Task details: At the line with "В проекте обыграны", start transcribing; stop after the last line of the data below. Keep it exact and leave pictures out.

Dataset items:
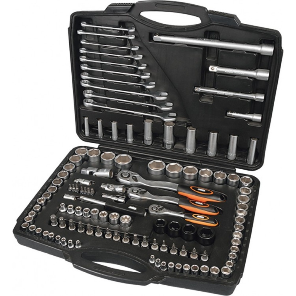 Полупрофессиональный комплект модели 58-070 от ТМ МИОЛ рассчитан на всестороннюю и эффективную работу со всеми известными видами крепежа и резьбовых соединений. Набор отлично подойдет для опытных автолюбителей для работы в бытовых условиях или в дороге. Полупрофессиональный комплект модели 58-070 от ТМ МИОЛ состоит из 120 предметов, которые идеально дополняют друг друга и обеспечивают успешную работу с любым крепежом. Все предметы выполнены из высококачественных материалов и отличаются большой долговечностью даже в условиях интенсивного использования. Набор можно применять в работе с большинством известных профилей 1/4, 3/8, 1/2 дюйма и включает в себя различные торцевые головки и насадки, а также специализированные приспособления для нормальной работы с ними:
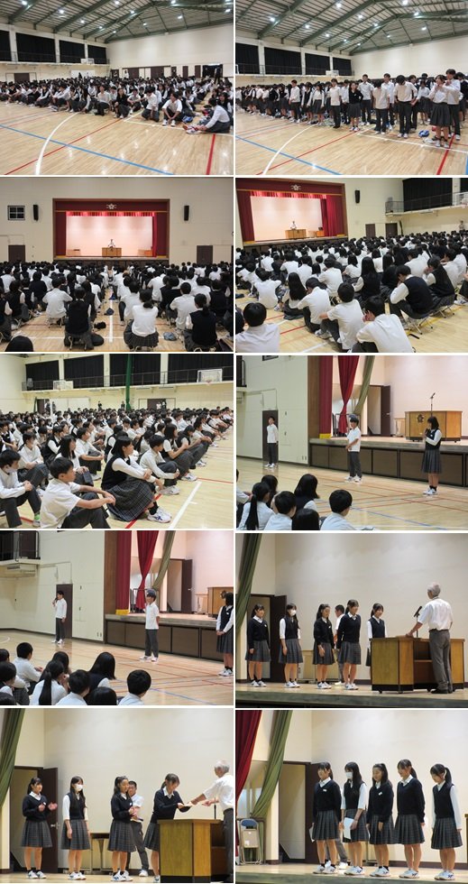 6時間目は全校集会です。いつも通りチャイム前に整列完了で、校長からの話もチャイムが鳴り終わるのを待ってからです。校長からは「ファーストペンギンとセカンドペンギン」の話で、「ファーストペンギンとセカンドペンギン」が出てきやすいこの豊津西中学校の雰囲気を続けて、「体育大会」も成功させましょう!と話がありました。続いて、各学年の学級委員から「月目標」の発表です。「折り返しを過ぎたので初心に戻る」「体育大会に向けて」「最後は始まり」など、各学年の特色が出た目標でした。最後に「食育キャッチフレーズ」の表彰状が吹田市教育委員会から届いたので、伝達表彰を行い全校集会を終えました。
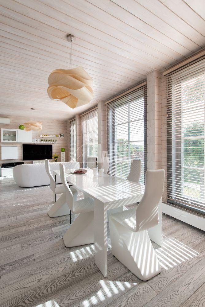 В проекте обыграны японские мотивы. Так в белой, наполненной светом, гостиной нашли свое место дизайнерские светильники-оригами и необычный столик. Столешница сделана из столетней итальянской шпалы, очищенной мастерами от вековой копоти и превращенной в уникальный арт-объект.
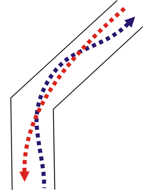 Rowery poruszają się po łukach. Im łuk ciaśniejszy, tym jazda mniej pewna i stabilna. Absolutne minimum bezpieczeństwa to promień łuku 4 m liczony do wewnętrznej krawędzi ścieżki, jednak zalecane są łuki o promieniu przynajmniej 20 m.
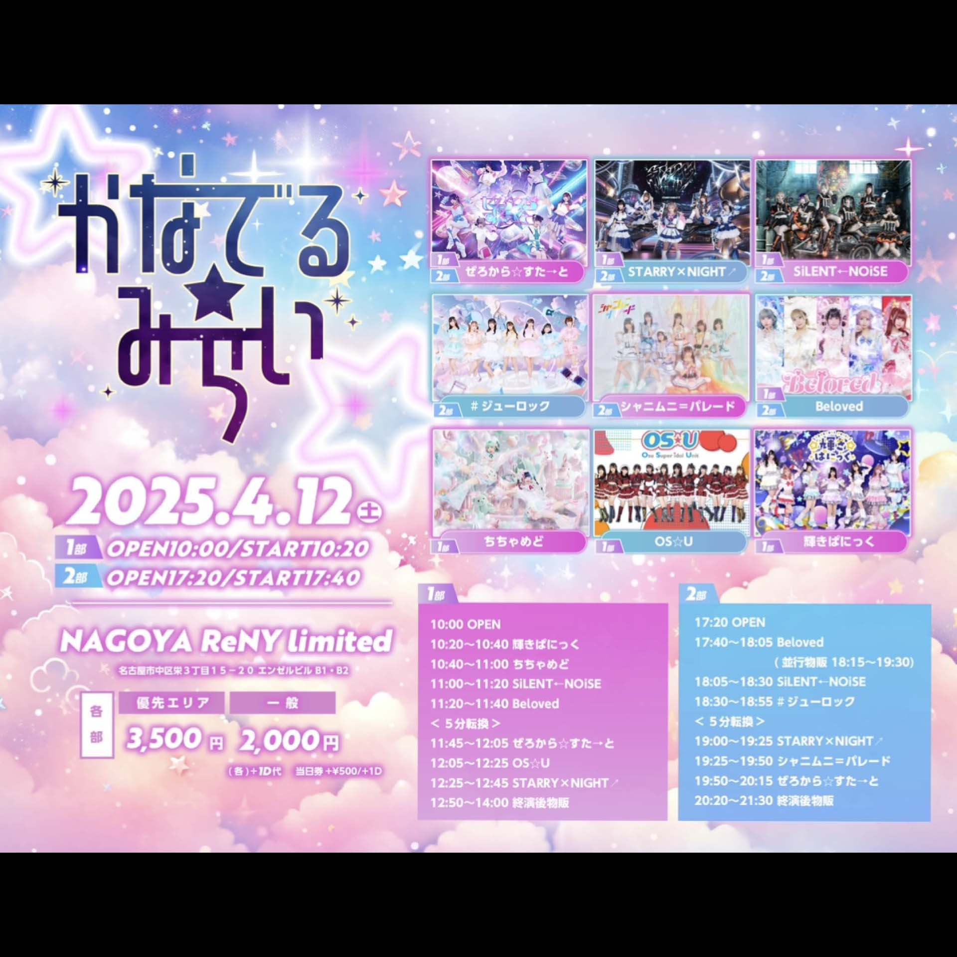 ぜろから☆すた→と / STARRY×NIGHT↗︎ / SiLENT←NOiSE. / OS☆U / 輝きぱにっく / ちちゃめど / Beloved

Result of this exercise:
 В проекте обыграны японские мотивы. Так в белой, наполненной светом, гостиной нашли свое место дизайнерские светильники-оригами и необычный столик. Столешница сделана из столетней итальянской шпалы, очищенной мастерами от вековой копоти и превращенной в уникальный арт-объект.
 Rowery poruszają się po łukach. Im łuk ciaśniejszy, tym jazda mniej pewna i stabilna. Absolutne minimum bezpieczeństwa to promień łuku 4 m liczony do wewnętrznej krawędzi ścieżki, jednak zalecane są łuki o promieniu przynajmniej 20 m.
 ぜろから☆すた→と / STARRY×NIGHT↗︎ / SiLENT←NOiSE. / OS☆U / 輝きぱにっく / ちちゃめど / Beloved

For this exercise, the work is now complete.